┌─ Extracted data

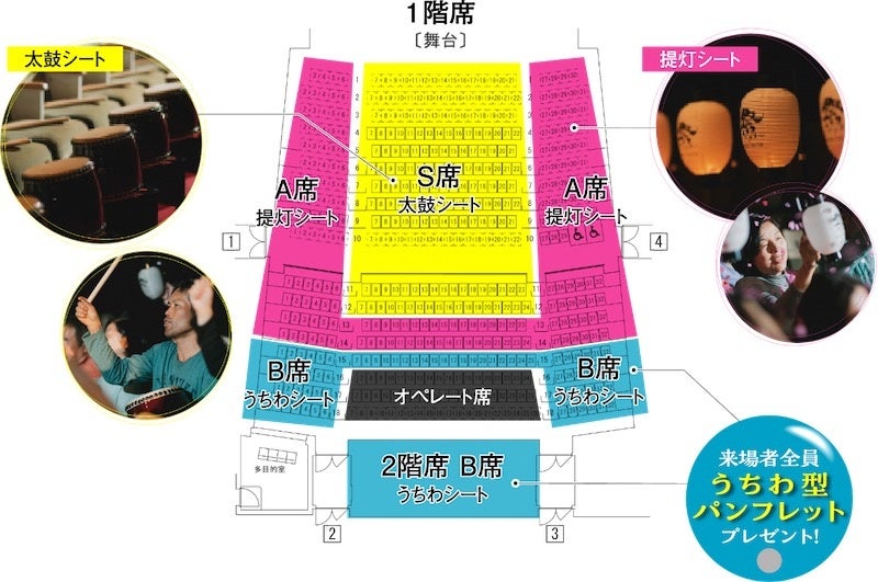 太鼓シート・提灯シート・うちわシートの3種類の席種によって、異なる体験を楽しめます。太鼓シートでは和太鼓を、提灯シートでは手持ちの提灯を、うちわは全席にご用意。会場が一体となって祭シアターにしかない面白さと感動を味わうことができます。
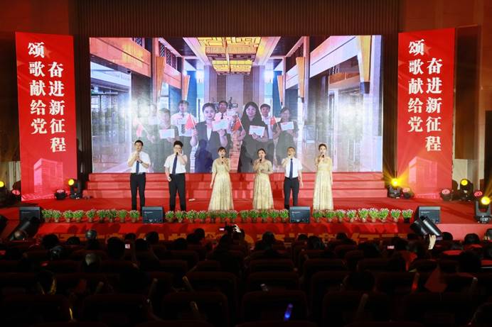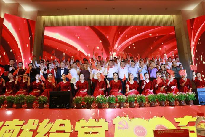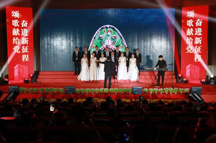 为庆祝中国共产党成立100周年,讴歌党的丰功伟绩,深情表达对党的无限热爱和美好祝福,6月29日晚,由成科中心党委主办、工会协办的“庆祝中国共产党成立100周年园区歌咏晚会”在银河·云瑞酒店隆重举行,来自园区各入驻单位的领导、代表、演职人员和观众近400人欢聚一堂。
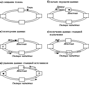 ![]() Рис. 2.1. Реконфигурация колец FDDI при отказе Кольца в сетях FDDI рассматриваются как общая разделяемая среда передачи данных, поэтому для нее определен специальный метод доступа. Этот метод очень близок к методу доступа сетей Token Ring и также называется методом маркерного (или токенного) кольца - token ring (рисунок 2.2, а). Станция может начать передачу своих собственных кадров данных только в том случае, если она получила от предыдущей станции специальный кадр - токен доступа (рисунок 2.2, б). После этого она может передавать свои кадры, если они у нее имеются, в течение времени, называемого временем удержания токена - Token Holding Time (THT). После истечения времени THT станция обязана завершить передачу своего очередного кадра и передать токен доступа следующей станции. Если же в момент принятия токена у станции нет кадров для передачи по сети, то она немедленно транслирует токен следующей станции. В сети FDDI у каждой станции есть предшествующий сосед (upstream neighbor) и последующий сосед (downstream neighbor), определяемые ее физическими связями и направлением передачи информации.
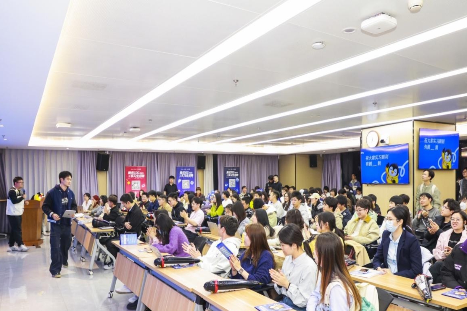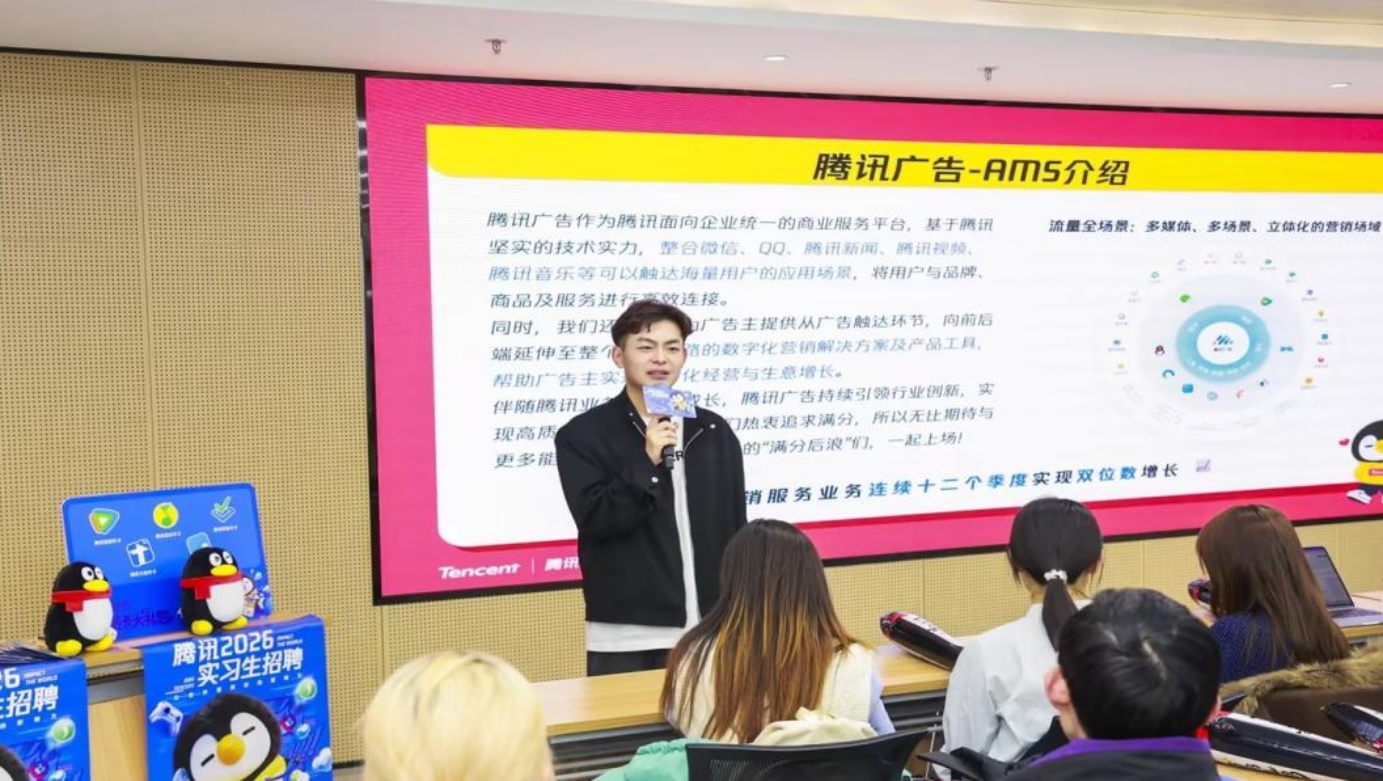 宣讲会上,腾讯嘉宾带来全方位的企业解读与求职指导。各位代表结合自身职业发展历程,系统介绍了公司组织架构与核心业务产品。针对学生最为关切的校园招聘事宜,相关负责人详细阐述了网申投递渠道、招聘流程及人才培养机制,为学生提供了清晰、实用的求职指引。
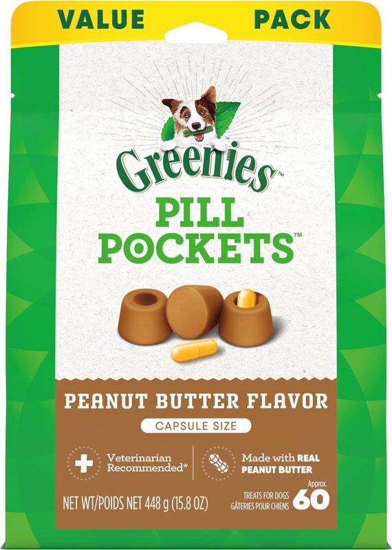 Greenies Pill Pockets for Dogs Capsule Size Natural Soft Dog Treats with Real Peanut Butter, 15.8 oz. Pack (60 Treats)
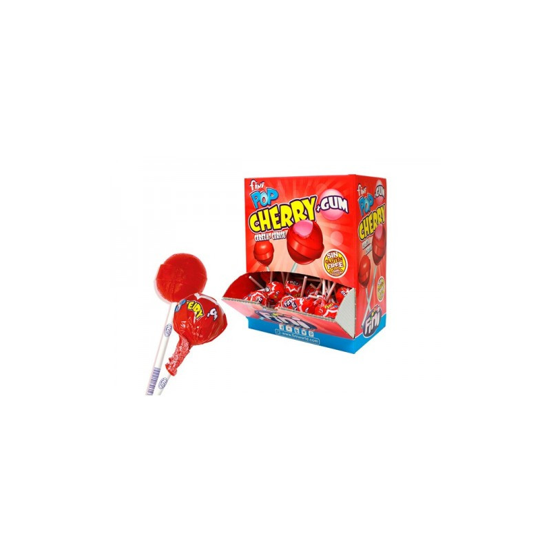 Caramelos con palo Finipop Cherry relleno de chicle 100uds
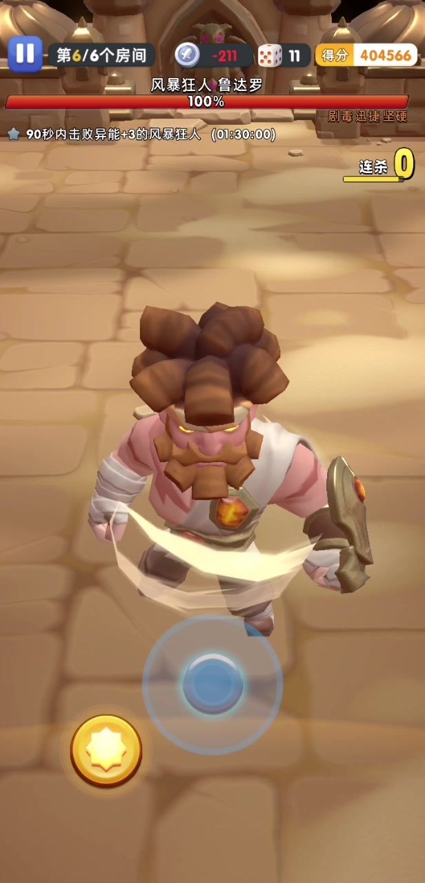 新版本的最终BOSS,难度一般吧,比水祭祀强一丢丢,风祭祀的破盾条件是物理伤害,正好黑兰丸第一个天赋的毒标第一段伤害就是物理伤害(黑兰丸果然是天选斗技场达人[表情_大笑]),所以只需要疯狂闪避就可以破盾了。这个BOSS有威胁的就只有二阶段的连续召唤旋风,配合地形技能可能会让你无路可走,破法也简单,火陀螺打断或者输出足够把他在放这个技能前打死就行了。 难度评级:B
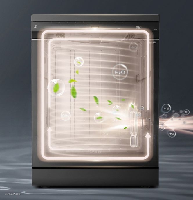 干燥的餐具能有效避免细菌滋生,在烘干方式上,美的极光洗碗机GX1000也有所升级。相比第5代的热风循环暖热烘干,GX1000独有专利级热风烘干技术再升级,增加了光触媒净化,内外气流循环,洁净热风烘存,实现烘干、净味、除菌、储存一步到位,保持碗碟的长效净味除菌自由。
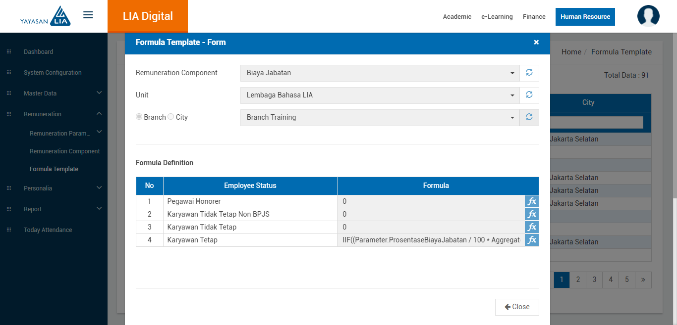 Formula Template adalah menu untuk melihat template formula yang digunakan untuk remunerasi.

└─

Goal of the exercise:
Excluding the pictures, retype the line containing "Greenies Pill Pockets" and all lines after it down to the end of the data above.

Task answer:
 Greenies Pill Pockets for Dogs Capsule Size Natural Soft Dog Treats with Real Peanut Butter, 15.8 oz. Pack (60 Treats)
 Caramelos con palo Finipop Cherry relleno de chicle 100uds
 新版本的最终BOSS,难度一般吧,比水祭祀强一丢丢,风祭祀的破盾条件是物理伤害,正好黑兰丸第一个天赋的毒标第一段伤害就是物理伤害(黑兰丸果然是天选斗技场达人[表情_大笑]),所以只需要疯狂闪避就可以破盾了。这个BOSS有威胁的就只有二阶段的连续召唤旋风,配合地形技能可能会让你无路可走,破法也简单,火陀螺打断或者输出足够把他在放这个技能前打死就行了。 难度评级:B
 干燥的餐具能有效避免细菌滋生,在烘干方式上,美的极光洗碗机GX1000也有所升级。相比第5代的热风循环暖热烘干,GX1000独有专利级热风烘干技术再升级,增加了光触媒净化,内外气流循环,洁净热风烘存,实现烘干、净味、除菌、储存一步到位,保持碗碟的长效净味除菌自由。
 Formula Template adalah menu untuk melihat template formula yang digunakan untuk remunerasi.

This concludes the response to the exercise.